We can view the posterior distributions for the SDs corresponding to the three components of variation:
library(reshape2)
ref <- data.frame(bmod$VCV)
rdf <- melt(ref, value.name="wear")
ggplot(rdf, aes(x=sqrt(wear),color=variable))+geom_density()
We see that the error SD distribution is more compact. We see that run and position variances could be quite small or relatively much larger. It is not surprising that we cannot narrow these down more as we have only four runs and four positions.
We can examine the posterior distributions for the material contrasts:
ref <- data.frame(bmod$Sol[,2:4])
colnames(ref) <- c("B-A","C-A","D-A")
rdf <- melt(ref, value.name="wear", variable.name="material")

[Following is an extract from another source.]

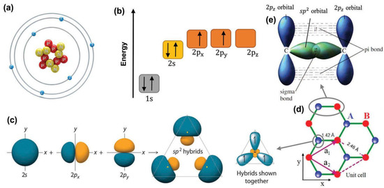 Carbon is placed as the sixth element in the periodic table with an electronic 1s22s22Px12Py12Pz0 ground state configuration, as illustrated in Figure 3b. The 2pz energy level is stabilized without electrons for convenience but equals the 2px and 2py energies. As shown in Figure 3a, of the six electrons, the four remaining in the outer shell are valence electrons, which encircle the nucleus of a carbon atom. These electrons can form three hybridization types in a carbon valence shell, namely, sp, sp2, and sp3. The formation of hybrids of sp2 is shown in Figure 3c. Since carbon atoms share sp2 electrons with their three nearby carbon atoms, they form a planar structure wave network layer, which is also called a monolayer graph. The graphene crystal unit cell is shown in Figure 3d, marked by a purple parallelogram, which has the same gate constant of 2.45 Å, and two carbon atoms. The stability of the planar ring is caused by the resonance and the relocation of electrons. The out-of-plane Ś bond is made by 2pz orbitals perpendicular to the planar structure, with a typical sp2 hysteria [37] of the two neighbouring carbon atoms on the graphene layer (see Figure 3e), while the in-plane bond is formed by the sp2 hybrid orbits (2s, 2px, and 2py). The resulting covalent μ bond is a short-length interatomic ~1.42 Å, making it more robust than the hybridized carbon/carbon diamond sp3 bonds. The monolayers of graphs, therefore, have remarkable mechanical properties (for example, a 1 TPa Young’s modulus and 130.5 GPa intrinsic strength) [38,39,40].

ggplot(rdf, aes(x=wear, color=material))+geom_density()
We see that B, C, and D all show clearly less wear than A because all three difference distributions are concentrated well-below zero. B appears best in showing least wear but we are not sure that it is better than D. There is not much overlap between B and C. However, we would need to plot these contrasts to be certain about this.
We can also plot the posteriors for the random effects:
ref <- data.frame(bmod$Sol[,5:8])
rdf <- melt(ref, value.name="wear", variable.name="run")
ggplot(rdf, aes(x=wear, color=run))+geom_density()
We can see our previous uncertainty about whether there really is a difference between the runs expressed in the overlapping posterior distributions.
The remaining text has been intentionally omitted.